Future of EHRs, Big Data, And Patient Privacy

Moving patient data online is a great boon for the medical practice. Patient records, past paper pieces, a transition to electronic health records, or EHRs will be provided in a folder. It also enhances the patient’s privacy and data security questions. If it is doing wonders to provide large data for machine learning, it is better connecting technologies like transmitting records and dressing tools between offices.

Information Volume:

The beginning of this story is about data size. In 2011, Duquesne University estimated the amount of health data for 150 exabytes. In 2015, they have noted that 83 percent of doctors adopted electronic records. Right now on this surface, it sounds good.

Big Data

Thanks to all the data collected, predictive analytics is possible. This will help health professionals make wise decisions about the care of patients. One special physician can catch the comorbid properties of other problems.

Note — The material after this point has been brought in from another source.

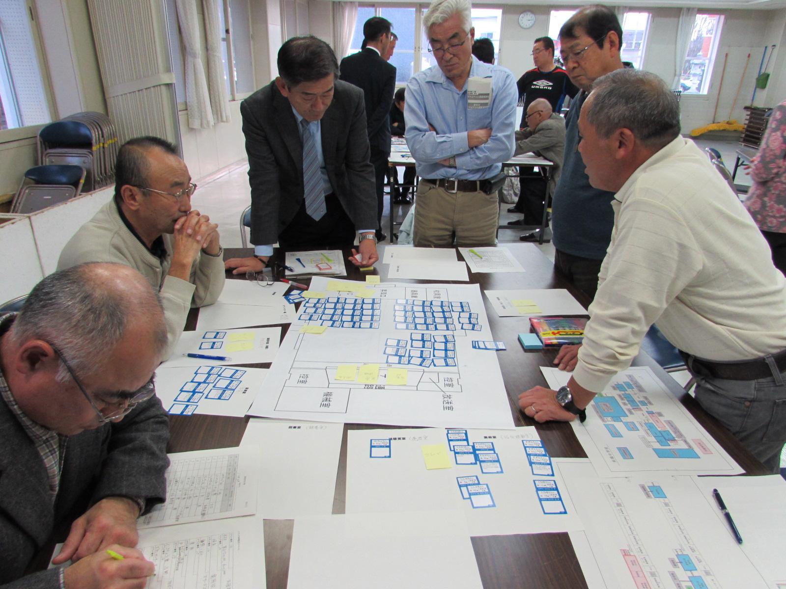 第1回の学習会で作成した避難所レイアウトを用いて、「Doはぐ」による図上演習を行い、避難所運営の課題への対応について、意見を交わしました。

An additional bonus that could make better decisions for larger data. It can also create new characters such as nurse informaticist. These nurses affect the care and health policy for patients. But the key is to use large data to make these decisions.

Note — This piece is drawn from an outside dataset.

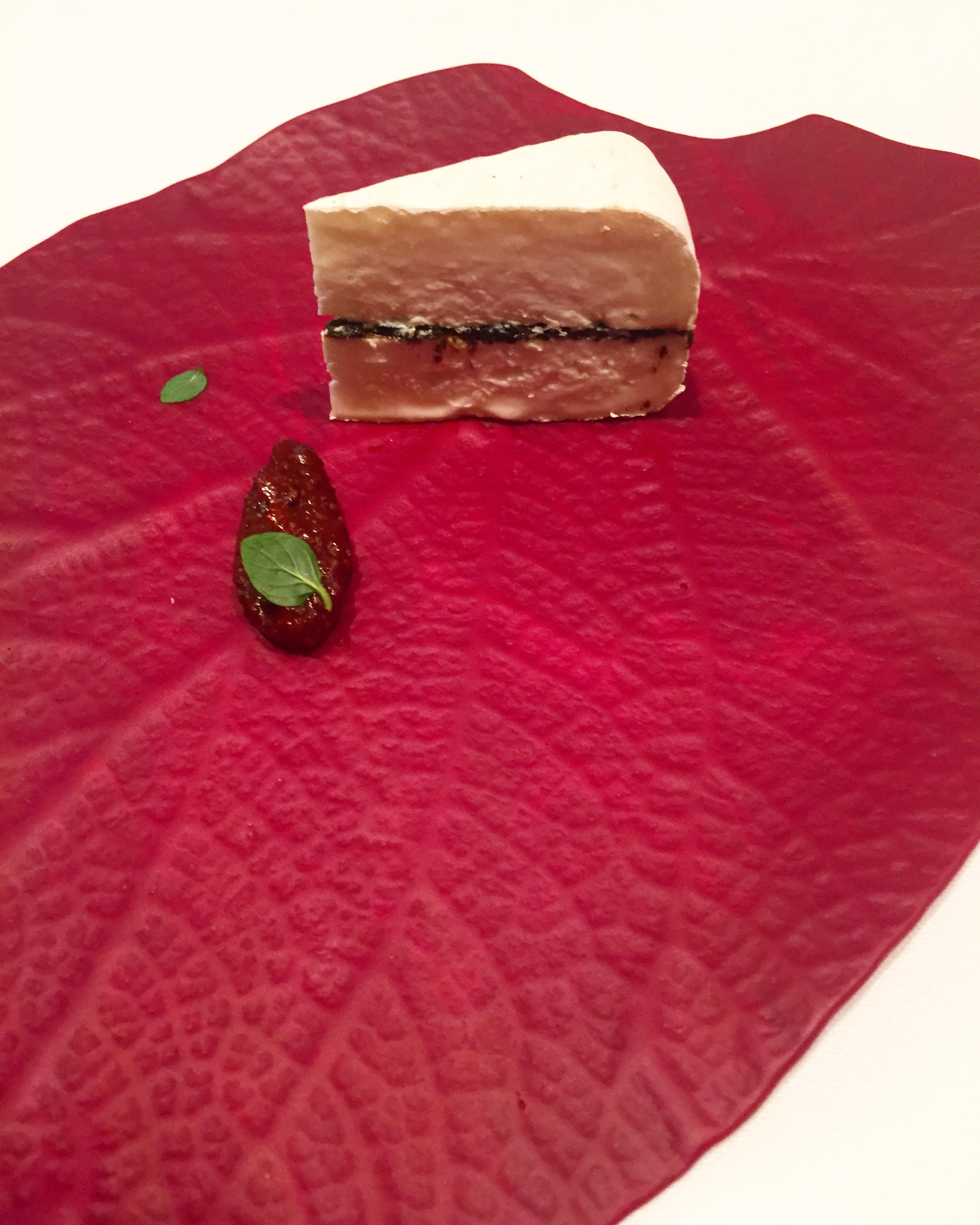 Era difícil seguir tras los placeres liebrescos -que no librescos- pero consiguió sorprenderme y deleitarme con el queso porque no es un queso, es una performance, una intervención. El laminado de portobello con binomio de queso Puigpedros y Gutizia, microchampiñones y mustarda de aceitunas es el resultado de mezclar día quesos, rellenarlos a su modo y hacer otro completamente distinto. El producto de tanta osadía, excelente.

For example, they have enough nurses to manage the patients. They can assess the needs of staff based on historical data. Before adopting EHRs and machine learning, this job is the technology that makes possible, and the decisions are not present.

Privacy and Security

On the flip side, a large number of data needs security requirements for high standards. Data violations can expose patient data. Only in the first quarter of 2018, nearly 1.13 million records were disclosed due to the data breach. Then, in July, more than 2 million records were revealed. Over the past 8 years, 176 million records have been violated.

Worse, in 2016, WannaCry locked hospitals from ransomware EHRs, stopping all patient care effectively due to lack of access to patient maps. Hospitals have to pay a ransom or suffer from the loss of their patients. In 1996, the Health Insurance Portability and Accountability Act came into play. More commonly known as HIPAA. HIPPA puts hard offenses on a company that requires a successful violation of the target. Penalties are divided into four categories.

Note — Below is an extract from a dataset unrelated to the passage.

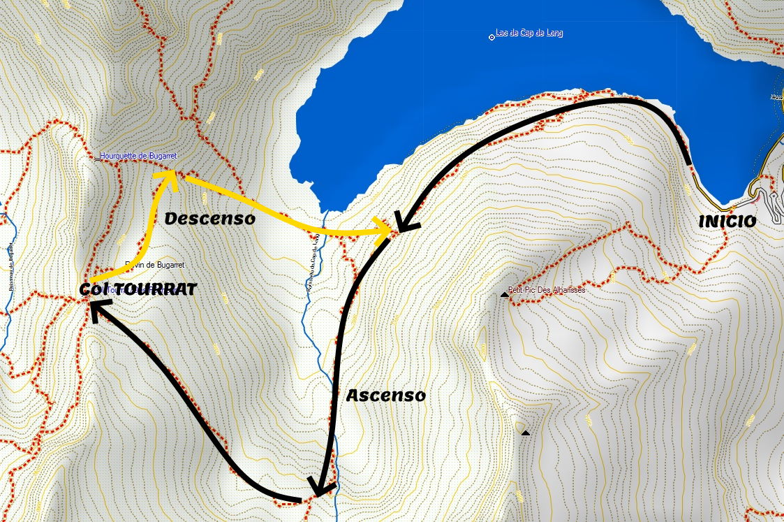 Debemos ir en busca del Lac Tourrat hasta empalmar con la ruta de ascenso.

Violation of realistic avoidance, the action was taken by the company or hospital, is a violation of a category 1. This resulted in a $ 50,000 minimum fine of at least $ 100 violation.

Category 2:

One problem is 2 company violation. The company needs to know about the problem but can not prevent the violation. It has the same penalties as a category 1, but with at least $ 1,000 fine breach.

Category 3

Although attempting to rectify negligence, it is an attempt to correct the breach. It is at least $ 10,000 for breach of $ 50,000.

The worst violation, Section 4, the correction has willful neglect, no less than $ 1.5 million, has a minimum penalty of $ 50,000 in violation.

Still, as long as companies have data, someone tries to steal it. Safety should be continually developed to withstand the risk of patient record fraud. The size and quality of records of patients transmitted online are awesome in the original sense of the word. It has distant implications for what can be done with future data regarding large data, machine learning, and assessment analyzes. This only improves as more data is included.

However, this will provide increased security risk from time to time and security researchers need to be able to maintain the information as safe as possible and to keep the companies in compliance with HIPAA.